This paper is organized as follows. Section 2 describes the data and variables. Section 3 investigates how news co-occurrences vary systematically across different pairs of stocks. Section 4 examines how retail investors respond to news co-occurrences. Section 5 investigates the contemporaneous and predictive relations between news co-occurrences and stock return correlations. Section 6 explores the implications of news co-occurrences for portfolio construction. Section 7 concludes the paper.

2. Data and Variable Definitions

In this section, we discuss the data sources and define the variables used in the empirical analyses. Our sample includes the Standard & Poor’s 500 large-cap stocks, 400 mid-cap stocks, and 600 small-cap stocks (S&P 1500 stocks) covering the period from 2002–December 2016. Our news co-occurrence sample covers the period of May 2007–December 2016.4 We first explain how we construct the sample of news co-occurrences and then provide the definitions of the variables used in our study.

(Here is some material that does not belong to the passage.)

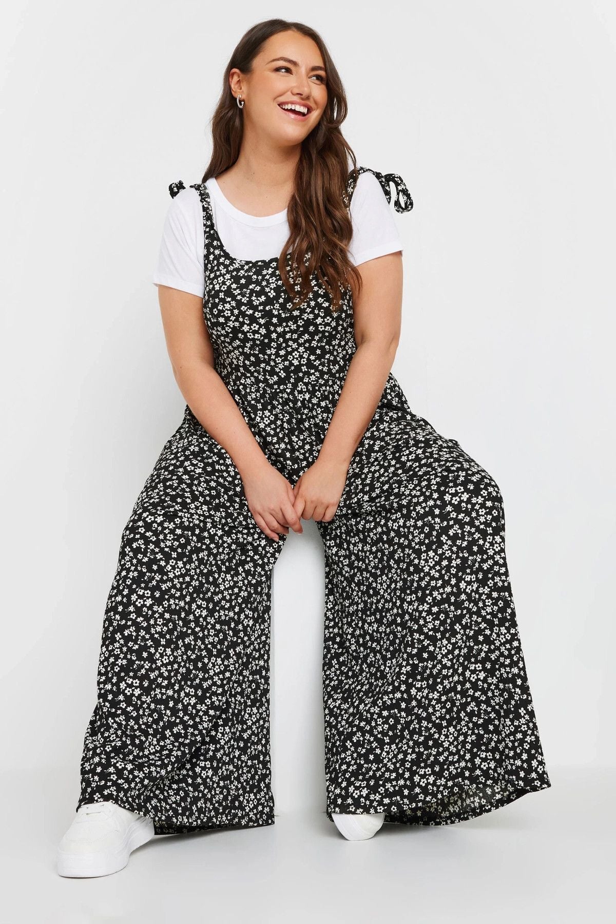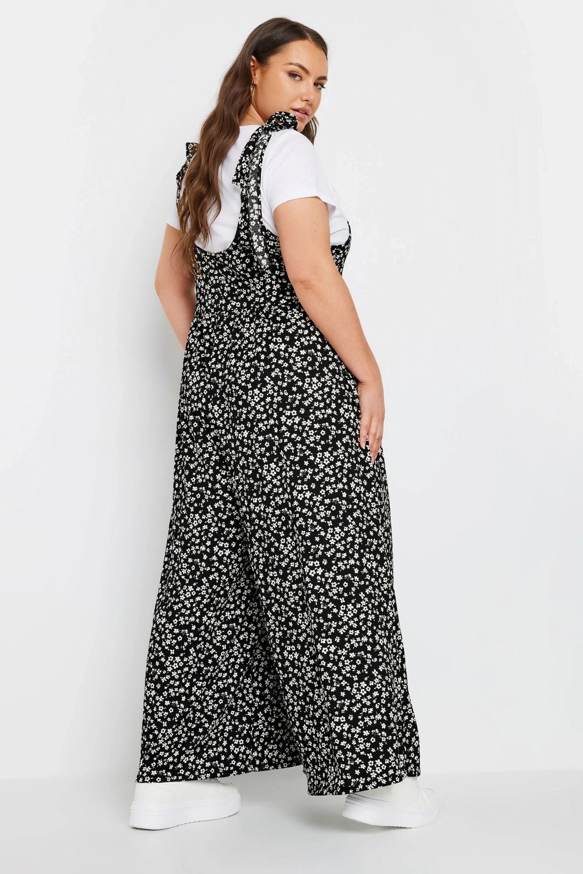 Büyük Beden Bol Paça Askıları Bağlamalı Çiçek Desenli Maxi Tulum 137986
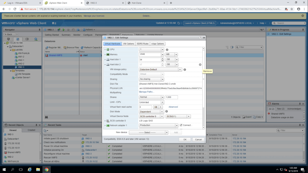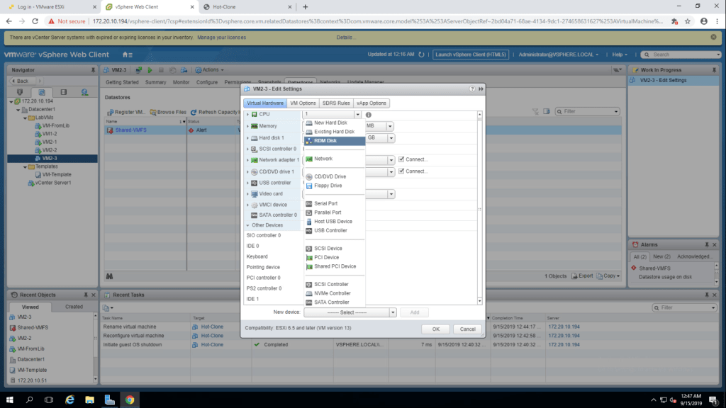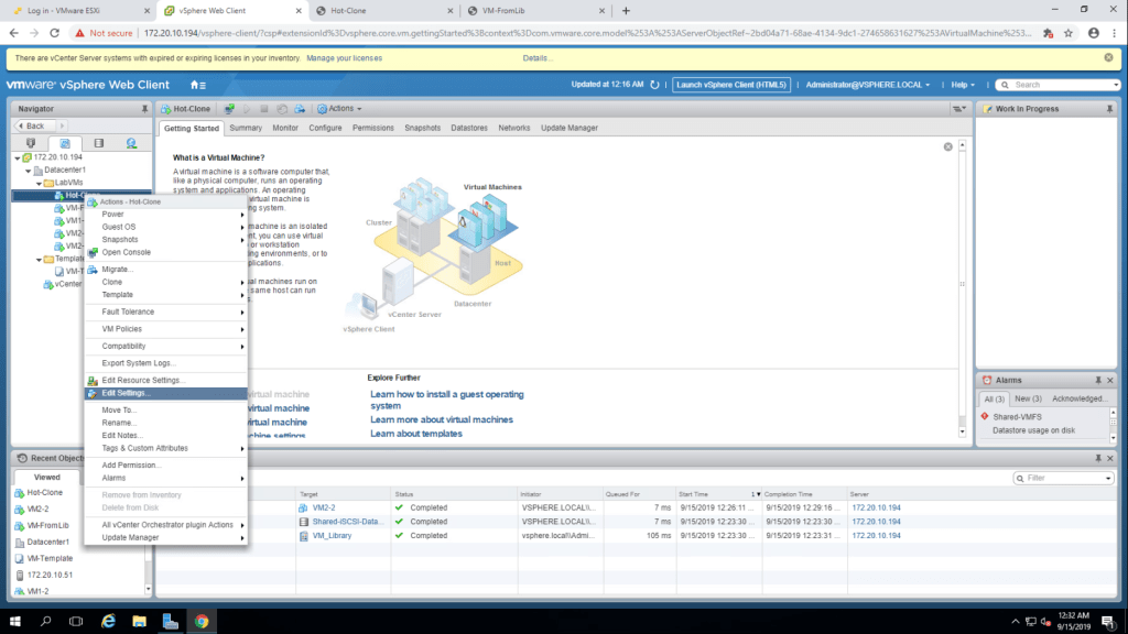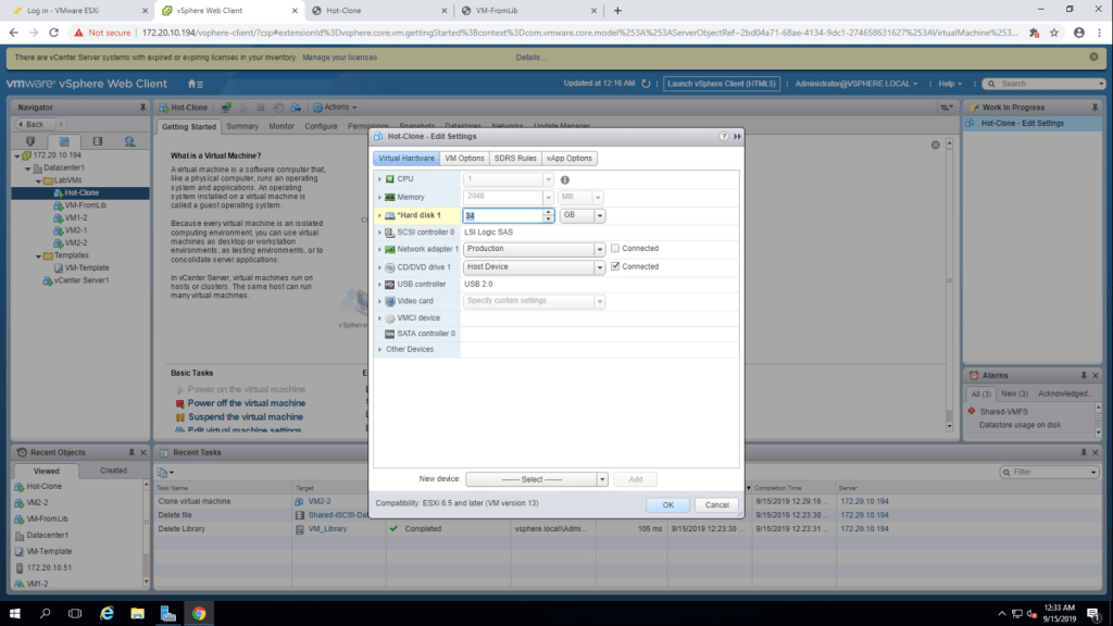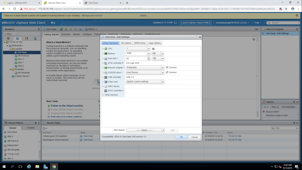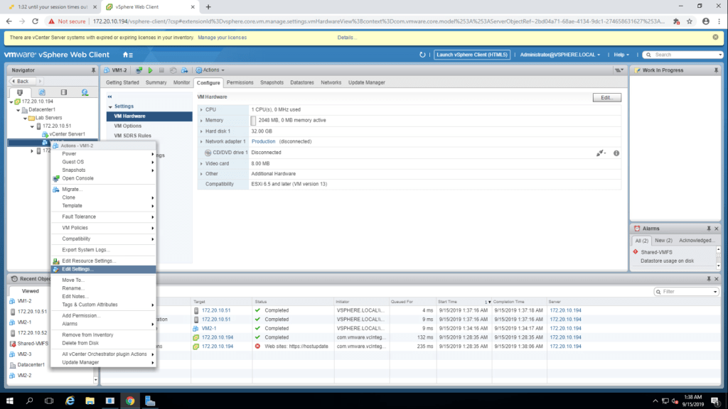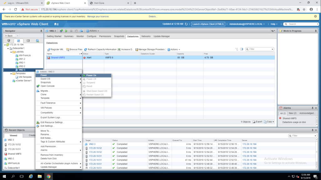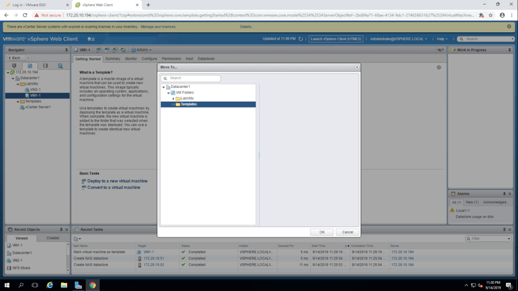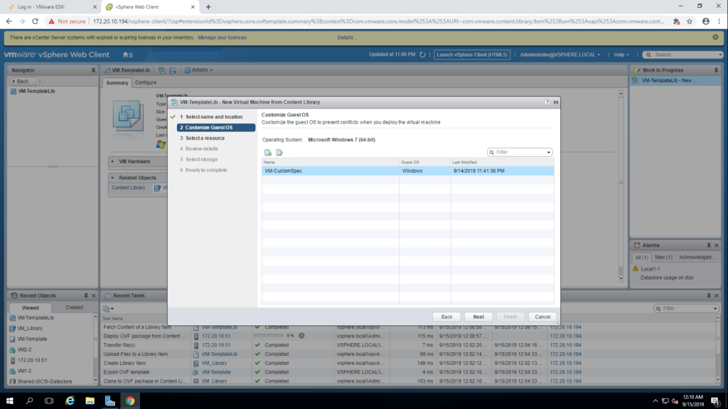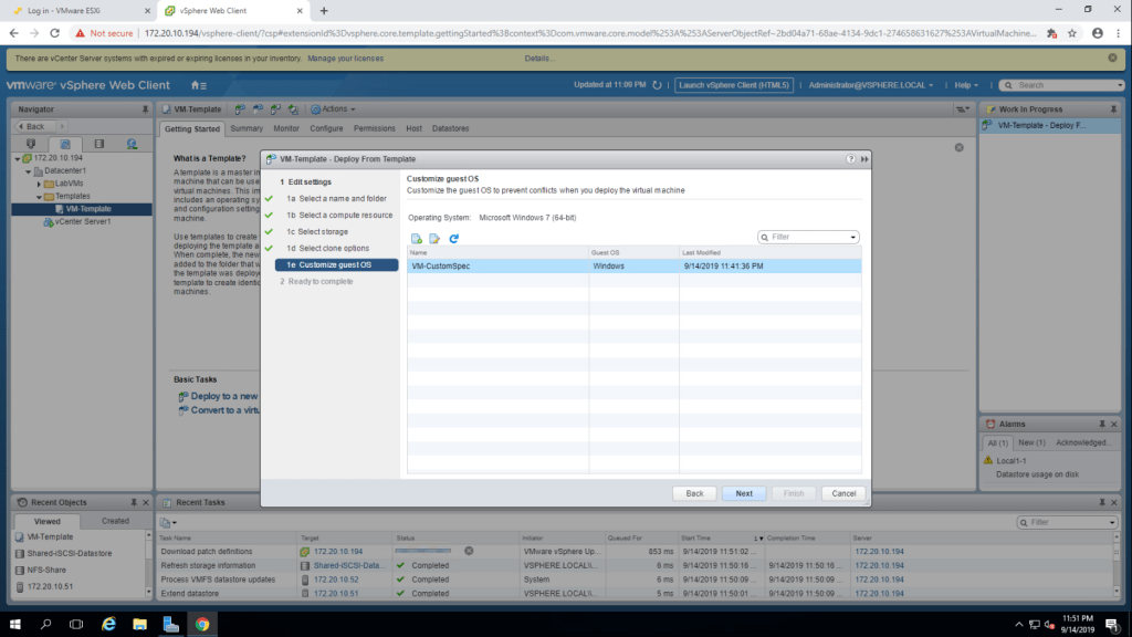 2. Go to Edit settings of VM1-1 and select the appropriate iso file and click ok.then power on the virtual machine and launch console.

2.1. News Co-Occurrence Analysis

Text mining is a powerful analytics tool in leveraging information from news articles (Chen et al. 2012). It is capable of discovering hidden knowledge from a large volume of data. Text mining research deals with a variety of problems including text summarization, document and information retrieval, text categorization, authorship identification, and entity extraction and relation extraction (Witten et al. 2004). Previous studies have suggested the correlation between news articles and stock price (Schumaker and Chen 2009; Yu et al. 2013). However, they mostly relied on topics mining and sentiment analysis. For example, Schumaker and Chen (2009) extracted noun phrases from news articles to detect breaking news. This information is then combined with regression analysis to improve stock price prediction accuracy. The work in Yu et al. (2013) and Schumaker et al. (2012) both extracted sentiment in news articles to correlate with stock price. Co-occurrence analysis is often used to identify company relations from news articles. For example, the work in Ma et al. (2011) built an inter-firm network from firm name co-occurrence citations in news and inferred competitor relationships from network properties. The work in Bao et al. (2008) identified and ranked competitors based on the results returned from search engine co-occurrence. However, the correlation between co-occurrence and stock price return is not studied in information systems research.
Figure 1 illustrates our process of deriving co-occurrence information in news articles. We first identify company names from the S&P 1500 list. Lexis-Nexis is used as our data source for news articles.5 An automatic crawling algorithm searches news articles that contain each company name within each year. Because the same news article may be returned from different searches, we removed redundant articles by checking the title, date, and author of the article. A total of 2,671,004 news articles that covered years 2007–2016 were retained after the crawling process. These articles covered a total of 1434 companies. The missing companies were those not generating results from the news search.
These news articles were processed to extract meta information such as publish time, source, author, title, and news text. We ran the Stanford Named Entity Recognizer (NER) program to extract named entities.6 NER aims to extract and classify rigid designators (Nadeau and Sekine 2007). There are many types of named entities in text such as company name, person name, and product name. These named entities are then mapped against our company name list and their variations. Performing NER before mapping company names is necessary to handle generic keywords that appear in company names. For example, Gap Inc is sometimes referred to as Gap. If we map the keyword “Gap” directly, we may mistakenly count the generic keyword “gap” as the occurrence of the company name. We also manually created a name variation table to increase the coverage of our mapping algorithm. A company’s name can appear in multiple forms, a problem referred to as name variation. Since we are only interested in the S&P 1500 company names, a name variation table was the easiest way to address the problem. For example, Walmart Inc can appear as Wal Mart, Walmart, and Wal-Mart Stores, Inc. The appearance of these names was aggregated to Walmart Inc. We then identified if a news article had multiple company names. If more then two names were mentioned in one news article, we considered all of them to be pairs of co-occurrence.
Finally, these co-occurrence pairs were aggregated monthly. Figure 2 illustrates co-occurrence pairs extracted from news articles in 2012, fourth quarter. The thickness of links indicates the frequency of co-occurrence.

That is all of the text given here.